### TASK DETAILS
Starting at the first line of the material below, retype each line exactly until you reach the line with "Figure 3: A: Mean", which is also included; pictures stay out.

### SUPPLIED ENTRIES
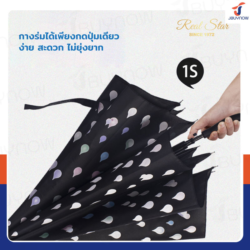 - เปิดอัตโนมัติ กางร่มได้เพียงกดปุ่มเดียว ง่าย สะดวก ไม่ยุ่งยาก
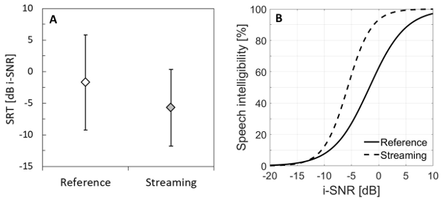 Figure 3: A: Mean speech reception thresholds (SRTs) in noise in dB i-SNR and interindividual standard deviations for reference and streaming conditions from measurements with simultaneous slope estimation. B: Mean speech intelligibility functions for the reference (solid line) and streaming (dotted line) conditions. Due to readability, not all individual functions for both conditions (34 functions in total) are shown.
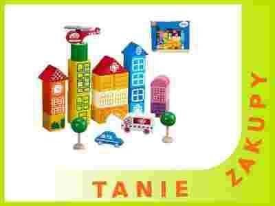 Kolorowe, 24 elementowe klocki drewniane pakowane w kartonowe pudełko z okienkiem. Dodatkowo na klockach znajduje się grafika, w postaci różych elemntów budowli (mur, okno i inne), dzieki którym dzieci moga tworzyć wizualizacje miast, zamków i innych budowli. Klocki przedstawiają podstawowe figury geometryczne, pobudzają wyobraźnię i dają nieograniczone możliwości zabawy. Dodatkowo występują klocków w postaci autek, drzewek i helikoptera.Heros to firma z ponad 100letnią tradycją, produkująca drewniane zabawki dla dzieci w postaci klocków edukacyjnych dla najmłodszych, zabawek zręcznościowych, samochodzików i kolejek oraz konstrukcyjnych zabawek do samodzielnego montażu dla starszych dzieci. Wszystkie wykonane są z wysokiej jakości twardego drewna pochodzącego z bawarskich lasów, charakteryzuje je bezpieczeństwo i solidność wykonania. Poprzez zabawę dzieci uczą się przestrzennego myślenia oraz ćwiczą umiejętności motoryczne.
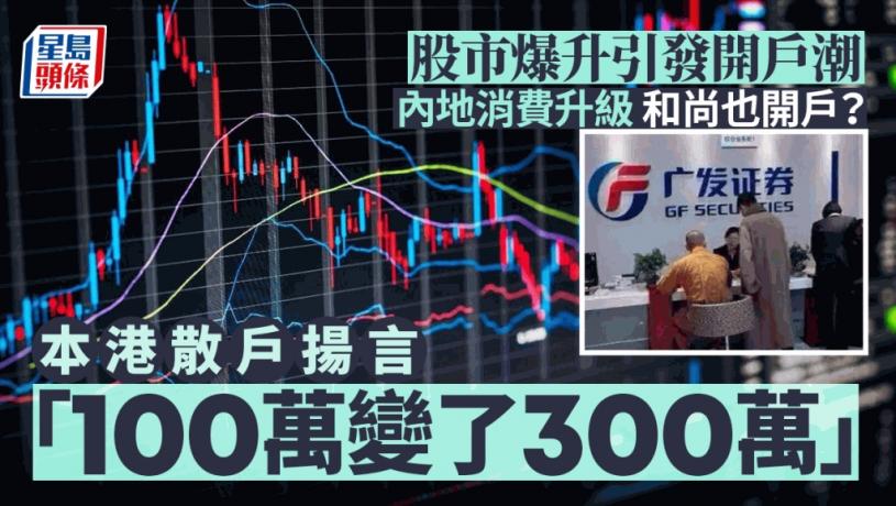 中港股市大升,吸引不少新力軍入場。據內媒報道,近一周新開賬戶投資者中,「00後」、「90後」佔比高達70%,部分券商要在國慶假期安排值班迎接開戶潮,甚至網傳排隊開戶人士包括和尚。本港方面,耀才、富途及老虎證券均出現開戶潮,部分新增開戶數量升逾一倍,更有散戶指出,近日升市獲利兩、三倍,「從100萬變了300萬,好滿足、好開心」。
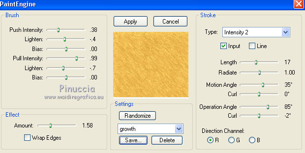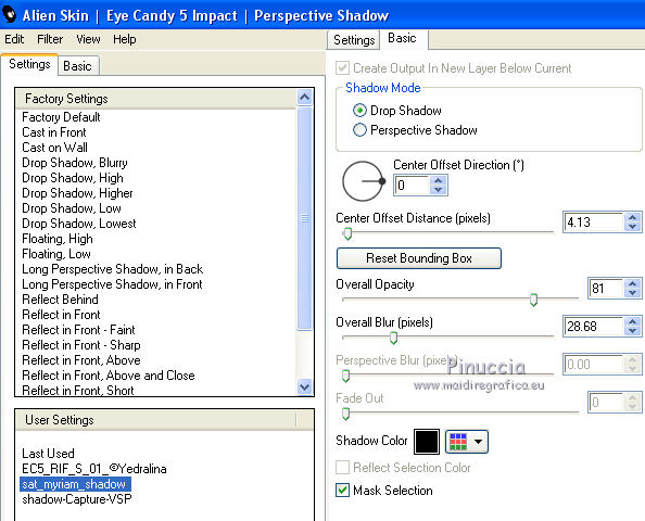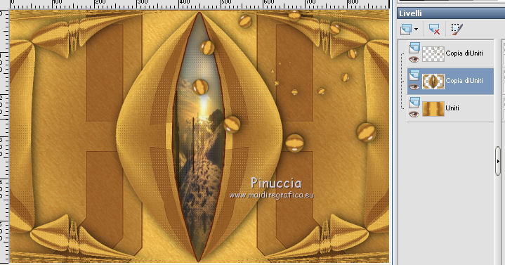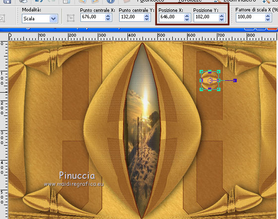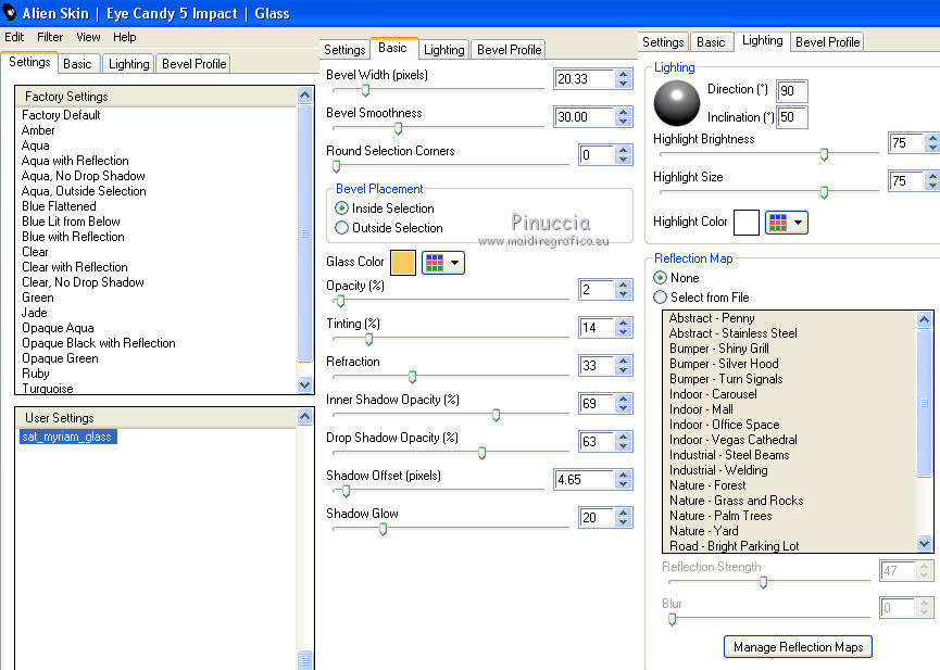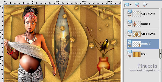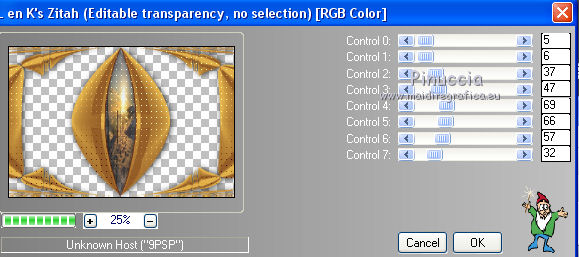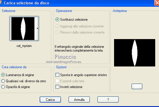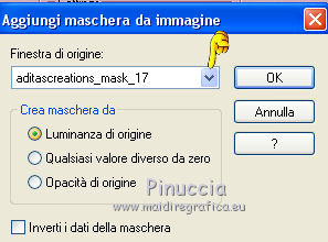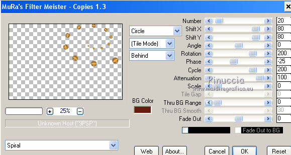 qui puoi trovare qualche risposta ai tuoi dubbi. Se l'argomento che ti interessa non è presente, ti prego di segnalarmelo. Questo tutorial è una creazione di Saturnella e non può essere copiato su altri siti nè essere offerto per il download. Lo stesso vale per la mia traduzione. E' anche proibito togliere il watermark dal materiale; rispettiamo il lavoro dei creatori di tubes, senza i quali non potremmo creare tutorials. Per tradurre questo tutorial, creato con PSP18, ho usato CorelX, ma può essere eseguito anche con le altre versioni di PSP. Dalla versione X4, il comando Immagine>Rifletti è stato sostituito con Immagine>Capovolgi in orizzontale, e il comando Immagine>Capovolgi con Immagine>Capovolgi in verticale. Nelle versioni X5 e X6, le funzioni sono state migliorate rendendo disponibile il menu Oggetti. Nel nuovo X7 sono tornati i comandi Immagine>Rifletti e Immagine>Capovolgi, ma con nuove funzioni. Vedi la scheda sull'argomento qui Occorrente: Materiale qui Per i tubes e la maschera grazie Guismo, Anny, Ann e Adita. (in questa pagina trovi i links ai loro siti). Filtri in caso di dubbi, ricorda di consultare la mia sezione filtri qui Filters Unlimited 2.0 qui Toadies - What are you qui Fantastic Machine - Paint Engine qui L&K's - L&K Zitah qui Alien Skin Eye Candy 5 Impact - Perspective Shadow, Glass qui Mura's Meister - Copies qui I filtri Toadies si possono usare da soli o importati in Filters Unlimited (come fare vedi qui) Se un filtro fornito appare con questa icona ![]() non esitare a cambiare modalità di miscelatura e opacità secondo i colori utilizzati. Metti i preset Cliccando sul file una o due volte (a seconda delle tue impostazioni), automaticamente il preset si installerà nella cartella corretta. perchè uno o due clic vedi qui Metti la selezione nella cartella Selezioni. Apri la maschera in PSP e minimizzala con il resto del materiale. Imposta il colore di primo piano con il colore chiaro #fcc95e, e il colore di sfondo con il colore scuro #651c0d. ![]() 1. Apri una nuova immagine trasparente 900 x 600 pixels, e riempi con il colore chiaro.2. Regola>Aggiungi/Rimuovi disturbo>Aggiungi disturbo. ![]() 3. Effetti>Plugins>Fantastic Machine - Paint Engine. ![]() Se non trovi il preset growth nella lista dei preset, imposta manualmente i settaggi che vedi nella schermata. Vedi qui le particolarità di questo filtro 4. Livelli>Nuovo livello raster. Riempi con il colore scuro.5. Livelli>Nuovo livello maschera>Da immagine. Apri il menu sotto la finestra di origine e vedrai la lista dei files aperti. Seleziona la maschera aditascreations_mask_17 ![]() Regola>Messa a fuoco>Accentua messa a fuoco. Livelli>Unisci>Unisci gruppo. 6. Effetti>Effetti 3D>Sfalsa ombra, colore nero. ![]() Livelli>Unisci>Unisci visibile. 7. Livelli>Duplica. 8. Effetti>Effetti geometrici>Cerchio. ![]() 9. Ripeti Effetti>Effetti geometrici>Cerchio, questa volta Avvolgi selezionato. ![]() 10. Selezione>Carica/Salva selezione>Carica selezione da disco. Cerca e carica la selezione sat_myriam. ![]() Premi sulla tastiera il tasto CANC .11. Livelli>Nuovo livello raster. Apri il tube del paesaggio e vai a Modifica>Copia. Trona al tuo lavoro e vai a Modifica>Incolla nella selezione. 12. Livelli>Nuovo livello raster. Effetti>Effetti 3D>Ritaglio. ![]() 13. Livelli>Unisci>Unisci giù - 2 volte. 14. Selezione>Modifica>Seleziona bordature selezione. ![]() Riempi con il colore scuro.Selezione>Deseleziona. 15. Effetti>Plugins>Alien Skin Eye Candy 5 Impact - Perspective Shadow. Seleziona il preset sat_myriam_shadow e ok. Questi i settaggi, in caso di problemi con il preset. ![]() 16. Effetti>Plugins>L&K's - L&K Zitah ![]() 17. Attiva il livello di sfondo. Livelli>Duplica. 18. Effetti>Effetti geometrici>Cerchio. ![]() 19. Livelli>Disponi>Porta in alto. Immagine>Ridimensiona, al 10%, tutti i livelli non selezionato. 20. Immagine>Ruota per gradi - 90 gradi a sinistra. ![]() Regola>Messa a fuoco>Metti a fuoco. 21. Per posizionare lo sfera: tasto K per attivare lo strumento Puntatore ![]() se stai usando PSP 9 tasto D per attivare lo strumento Deformazione ![]() imposta le coordinate Posizione X: 646,00 - Posizione Y: 102,00 ![]() 22. Effetti>Plugins>Alien Skin Eye Candy 5 Impact - Glass. Seleziona il preset sat_myriam_glass e ok. ![]() 23. Effetti>Plugins>Mura's Meister - Copies. ![]() 24. Effetti>Plugins>Alien Skin Eye Candy 5 Impact - Perspective Shadow, con i settaggi precedenti. 25. Attiva il livello centrale. ![]() 26. Apri il tube della donna di Guismo e vai a Modifica>Copia. Torna al tuo lavoro e vai a Modifica>Incolla come nuovo livello. Immagine>Ridimensiona, al 70%, tutti i livelli non selezionato. Regola>Messa a fuoco>Metti a fuoco. Effetti>Effetti 3D>Sfalsa ombra, colore nero. ![]() Sposta il tube a sinistra.27. Apri il tube del vaso e vai a Modifica>Copia. Torna al tuo lavoro e vai a Modifica>Incolla come nuovo livello. Sposta il tube a destra.Porta questo livello sopra il livello di sfondo. ![]() Effetti>Effetti 3D>Sfalsa ombra, con i settaggi precedenti. 28. Attiva il livello di sfondo. Modifica>copia. Livelli>Unisci>Unisci tutto. 29. Immagine>Aggiungi bordatura, 2 pixels, simmetriche, colore scuro. Immagine>Aggiungi bordatura, 50 pixels, simmetriche, colore chiaro. 30. Attiva lo strumento Bacchetta magica ![]() e clicca nel bordo da 50 pixels per selezionarlo. 31. Modifica>Incolla nella selezione (hai in memoria il livello di sfondo). Selezione>Innalza selezione a livello. 32. Effetti>Plugins>Toadies - What are you - 2 volte con i settaggi standard. ![]() 33. Effetti>Effetti di bordo>Aumenta di più. Selezione>Inverti. 34. Effetti>Effetti 3D>Sfalsa ombra, colore nero. ![]() Selezione>Deseleziona. 35. Immagine>Aggiungi bordatura, 2 pixels, simmetriche, colore chiaro. 36. Firma il tuo lavoro. Immagine>Ridimensiona, a 900 pixels di larghezza, tutti i livelli selezionato. Salva in formato jpg. Per questo esempio ho usato tubes di Krys ![]() ![]() Puoi scrivermi per qualsiasi problema, o dubbio, se trovi un

### YOUR RESPONSE
 - เปิดอัตโนมัติ กางร่มได้เพียงกดปุ่มเดียว ง่าย สะดวก ไม่ยุ่งยาก
 Figure 3: A: Mean speech reception thresholds (SRTs) in noise in dB i-SNR and interindividual standard deviations for reference and streaming conditions from measurements with simultaneous slope estimation. B: Mean speech intelligibility functions for the reference (solid line) and streaming (dotted line) conditions. Due to readability, not all individual functions for both conditions (34 functions in total) are shown.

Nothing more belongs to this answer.